Thich Nhat Hanh (1926-2022)

Zaterdag 22 januari overleed in de Từ Hiếu Tempel in Huế, Vietnam, op 95 jarige leeftijd zenleraar Thich Nhat Hanh.
Op 28 mei 1966 ontmoette Nhat Hanh de dan al langer in het boeddhisme geïnteresseerde Thomas Merton in diens abdij Gethsemani. Volgens een gemeenschappelijke vriend, de zopas overleden Jim Forest, spraken beiden tot diep in de nacht met elkaar: over het monastieke leven in elkaars tradities, over meditatie maar ook over de Vietnamoorlog. Daags daarna zou Nhat Hanh de monniken van Gethsemani toespreken, maar hij was zijn stem kwijt. Merton vertelde dan over hun conversatie de avond voordien, een verslag dat op band werd opgenomen. Daarin omschrijft Merton Nhat Hanh als “een uitermate eenvoudig en nederig persoon”, een “volkomen gevormd monnik”. Kort na deze ontmoeting publiceerde Merton in het magazine Jubilee een kort essay onder de titel “Nhat Hanh is my Brother”. Later correspondeerden zij nog met elkaar.
*
“Ik zei dat Nhat Hanh mijn broeder is en dat is waar.
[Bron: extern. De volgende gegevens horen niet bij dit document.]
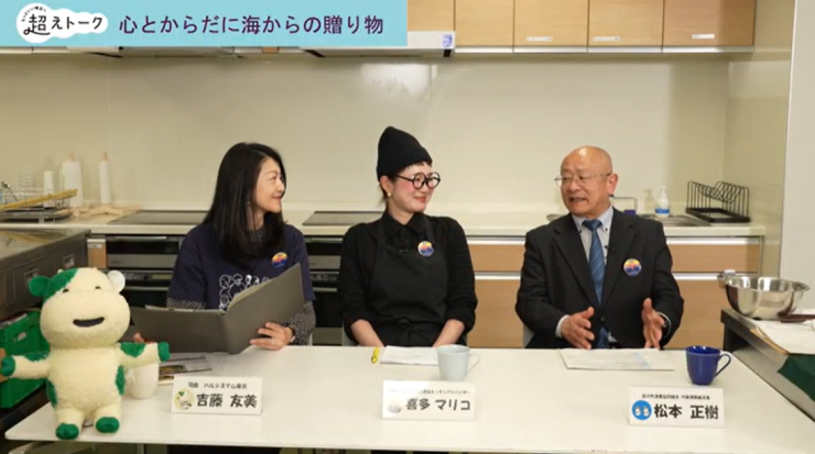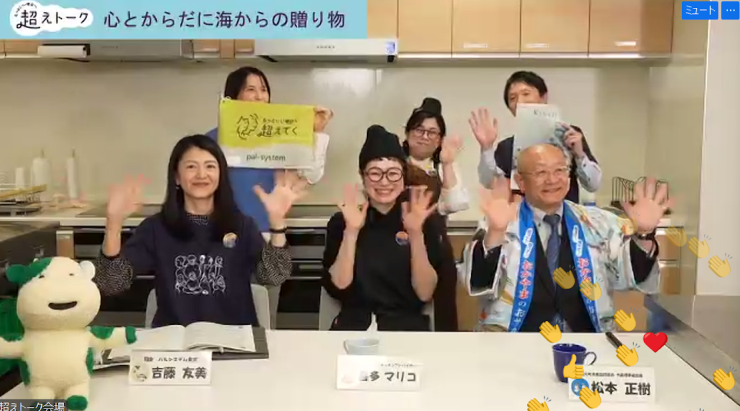 パルシステム連合会は3月6日(金)、兵庫で大人気の料理教室を主宰する料理研究家の喜多マリコさんと、パルシステムの水産産直産地の一つである邑久町漁協の松本正樹組合長を招き、オンライントークイベント「超えトーク(*)」を開催しました。食を通じて産地と直接つながる楽しさや人と人との絆についてなど、お二人からトコトン語っていただき、組合員や役職員ら206名が参加しました。
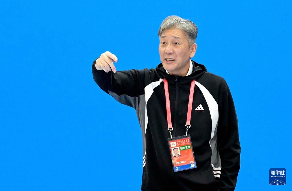 11月12日,廣東隊主教練鄭永剛 (右)在比賽中指導球員。
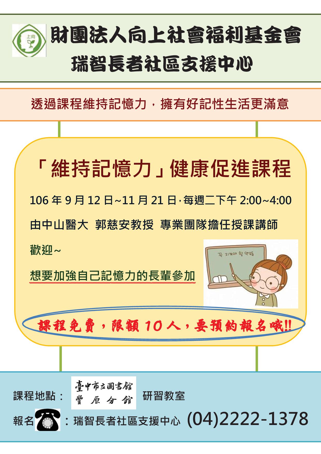 『維持記憶力」健康促進課程 在豐原圖書館開辦啦
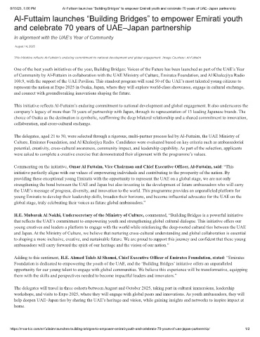 8/15/25, 1:06 PM Al-Futtaim launches “Building Bridges” to empower Emirati youth and celebrate 70 years of UAE–Japan partnership
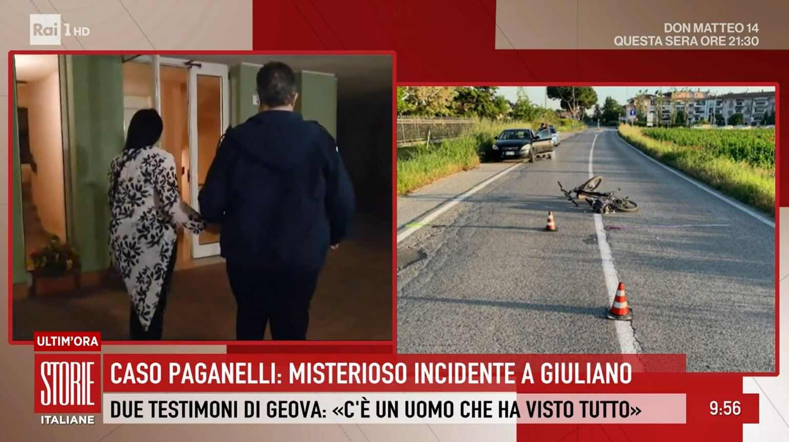 A Storie Italiane si apre stamane con il caso dell’omicidio di Pierina Paganelli e in particolare dell’incidente al figlio Giuliano Saponi: “Questi due testimoni di Geova – le parole dell’inviata del programma di Rai Uno, Monica Arcadio, in merito alle ultime novità sull’incidente del figlio – raccontano di conoscere una persona che ha visto cosa è successo quel 7 maggio, un furgone bianco da cui sono scese due persone che hanno aggredito violentemente Giuliano”.

We zijn beiden monniken en leiden al ongeveer evenveel jaren het monastieke leven. We zijn beiden dichters, beiden existentialisten. Ik heb veel meer gemeenschappelijk met Nhat Hanh dan ik heb met veel Amerikanen, en ik aarzel niet om dat te zeggen. Het is van vitaal belang dat zulke banden erkend worden. Ze zijn de banden van een nieuwe solidariteit en een nieuwe broederschap die zich op elk van de vijf
continenten begint te manifesteren en die alle politieke, religieuze en culturele lijnen doorkruist en zo jonge mannen en vrouwen in elk land met elkaar verenigt in iets wat concreter is dan een ideaal en meer levend dan een programma. Deze eenheid tussen de jongeren is de enige hoop van de wereld.”